(Extracted data entries)

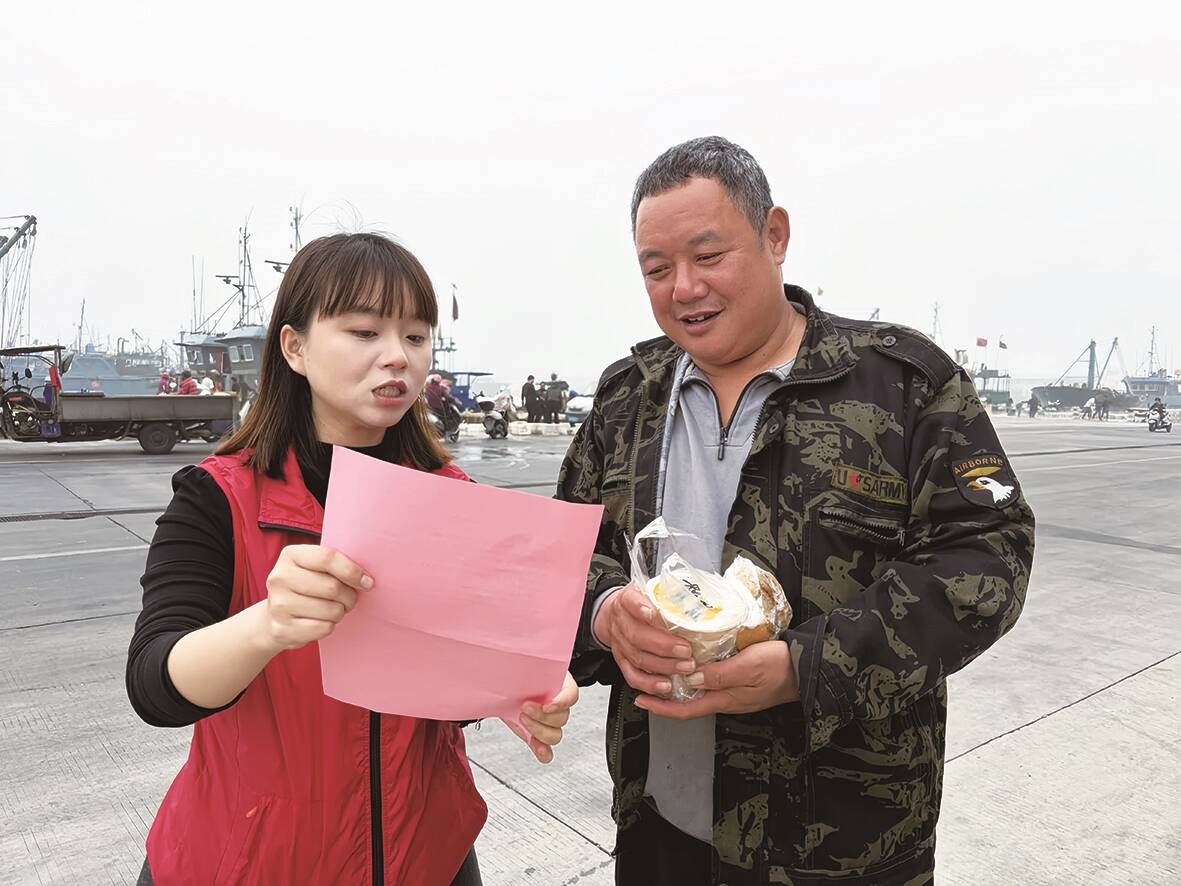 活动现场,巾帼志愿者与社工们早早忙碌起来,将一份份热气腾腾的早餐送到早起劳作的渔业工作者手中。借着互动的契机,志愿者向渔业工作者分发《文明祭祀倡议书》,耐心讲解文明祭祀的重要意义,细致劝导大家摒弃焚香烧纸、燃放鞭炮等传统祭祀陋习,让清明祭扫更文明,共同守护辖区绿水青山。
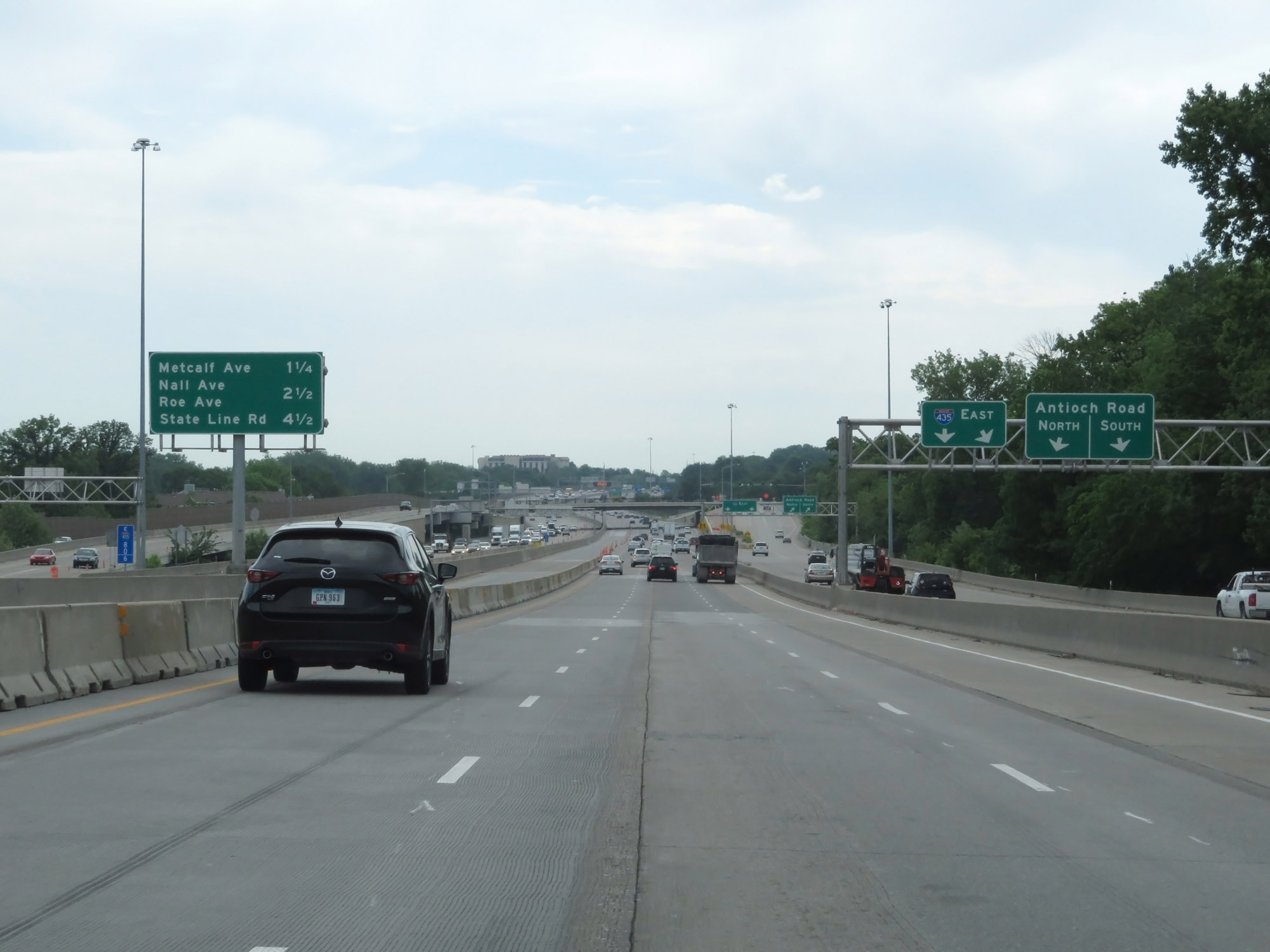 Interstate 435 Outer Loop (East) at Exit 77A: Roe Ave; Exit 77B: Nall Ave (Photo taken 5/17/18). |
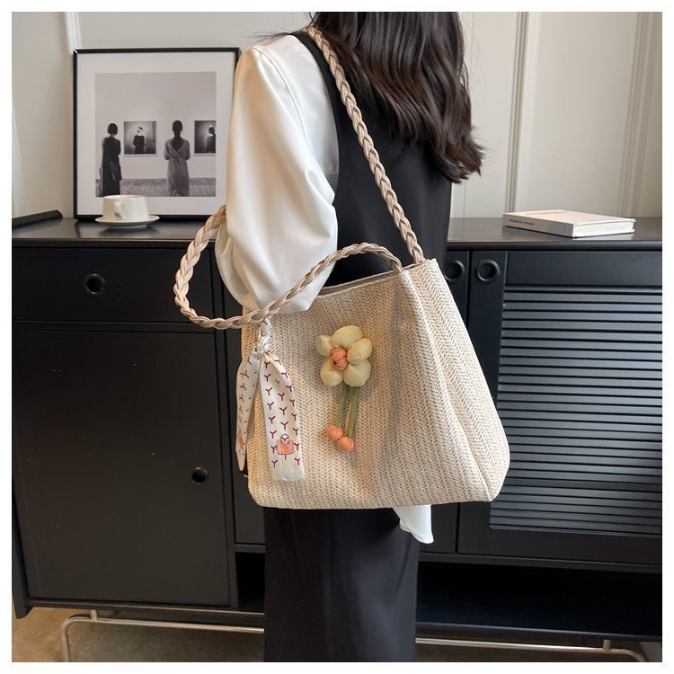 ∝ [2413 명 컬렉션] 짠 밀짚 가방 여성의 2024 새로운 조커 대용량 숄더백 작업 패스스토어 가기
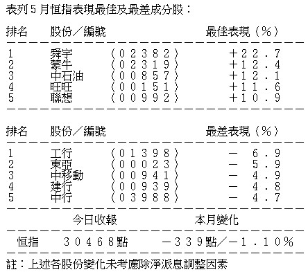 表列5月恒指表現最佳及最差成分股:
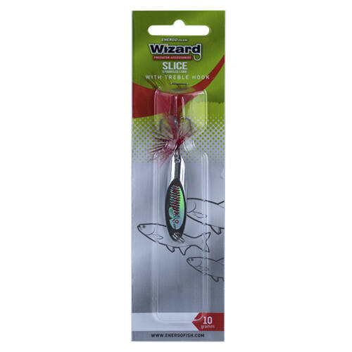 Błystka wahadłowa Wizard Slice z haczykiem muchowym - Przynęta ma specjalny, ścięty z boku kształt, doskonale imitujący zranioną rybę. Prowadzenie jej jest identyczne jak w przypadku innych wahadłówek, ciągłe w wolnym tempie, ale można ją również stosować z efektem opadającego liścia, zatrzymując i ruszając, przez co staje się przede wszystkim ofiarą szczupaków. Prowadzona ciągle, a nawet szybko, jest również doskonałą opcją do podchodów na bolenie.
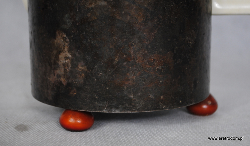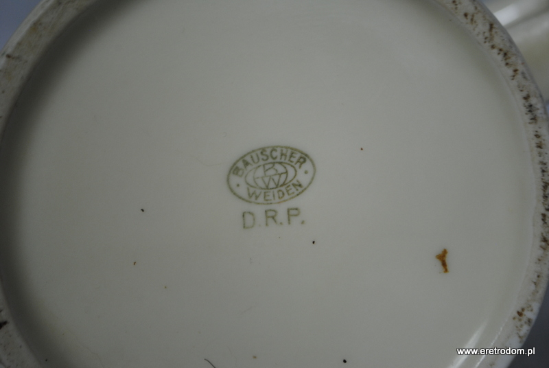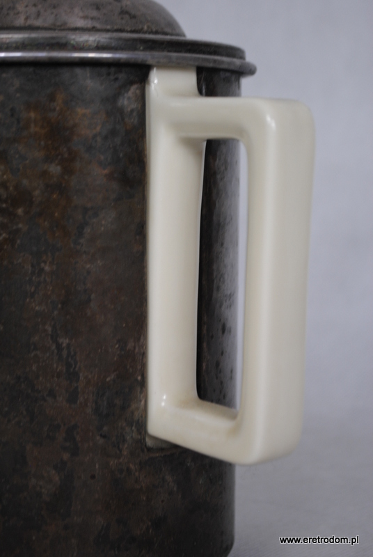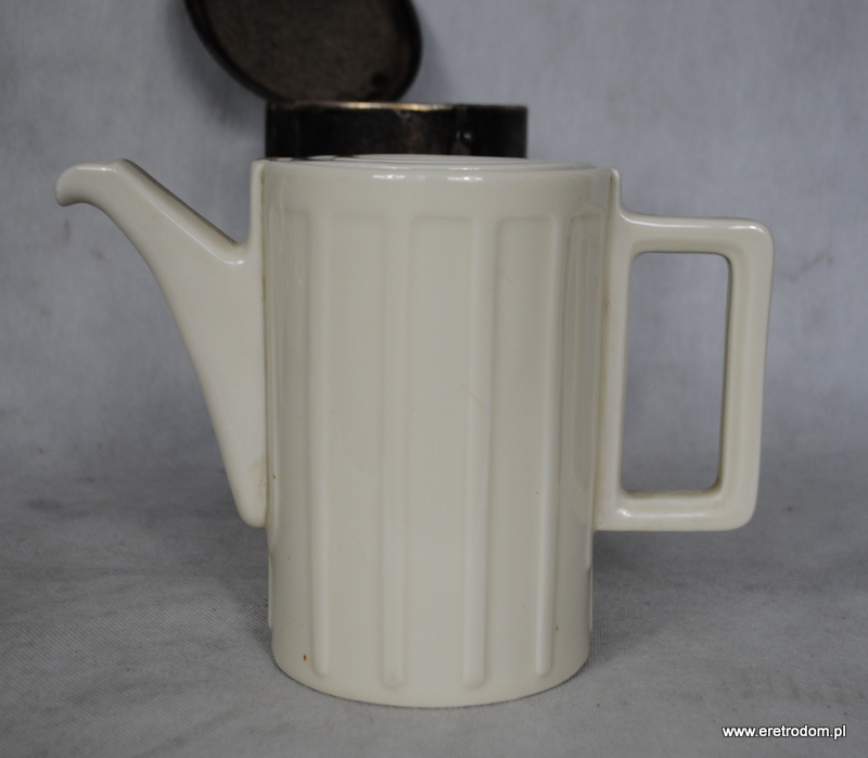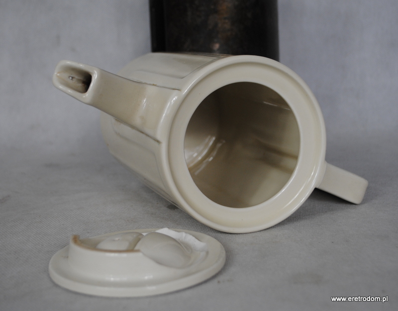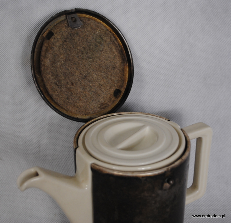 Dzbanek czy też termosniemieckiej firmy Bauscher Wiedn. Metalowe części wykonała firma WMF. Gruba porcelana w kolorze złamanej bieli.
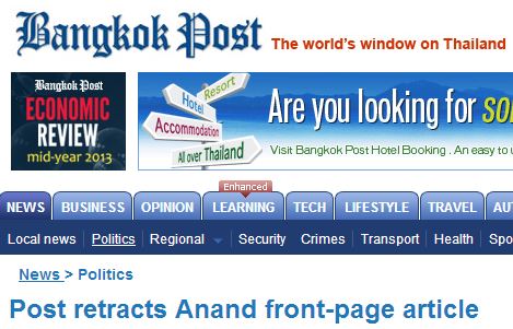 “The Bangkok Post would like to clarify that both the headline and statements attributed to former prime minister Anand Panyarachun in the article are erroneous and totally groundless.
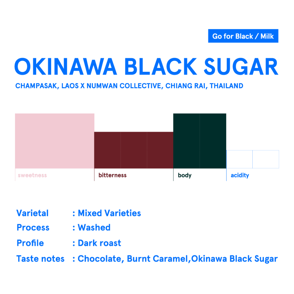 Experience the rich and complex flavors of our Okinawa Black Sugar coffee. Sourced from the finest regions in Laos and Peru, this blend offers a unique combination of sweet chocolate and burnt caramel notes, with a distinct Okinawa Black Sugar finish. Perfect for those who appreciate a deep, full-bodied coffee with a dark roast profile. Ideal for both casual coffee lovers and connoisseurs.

TASK ITEM. Now transcribe the lines above exactly, starting at the line containing "Błystka wahadłowa Wizard" and ending at the line containing "and totally groundless.", both lines included, pictures excluded.

RESPONSE AREA.
 Błystka wahadłowa Wizard Slice z haczykiem muchowym - Przynęta ma specjalny, ścięty z boku kształt, doskonale imitujący zranioną rybę. Prowadzenie jej jest identyczne jak w przypadku innych wahadłówek, ciągłe w wolnym tempie, ale można ją również stosować z efektem opadającego liścia, zatrzymując i ruszając, przez co staje się przede wszystkim ofiarą szczupaków. Prowadzona ciągle, a nawet szybko, jest również doskonałą opcją do podchodów na bolenie.
 Dzbanek czy też termosniemieckiej firmy Bauscher Wiedn. Metalowe części wykonała firma WMF. Gruba porcelana w kolorze złamanej bieli.
 “The Bangkok Post would like to clarify that both the headline and statements attributed to former prime minister Anand Panyarachun in the article are erroneous and totally groundless.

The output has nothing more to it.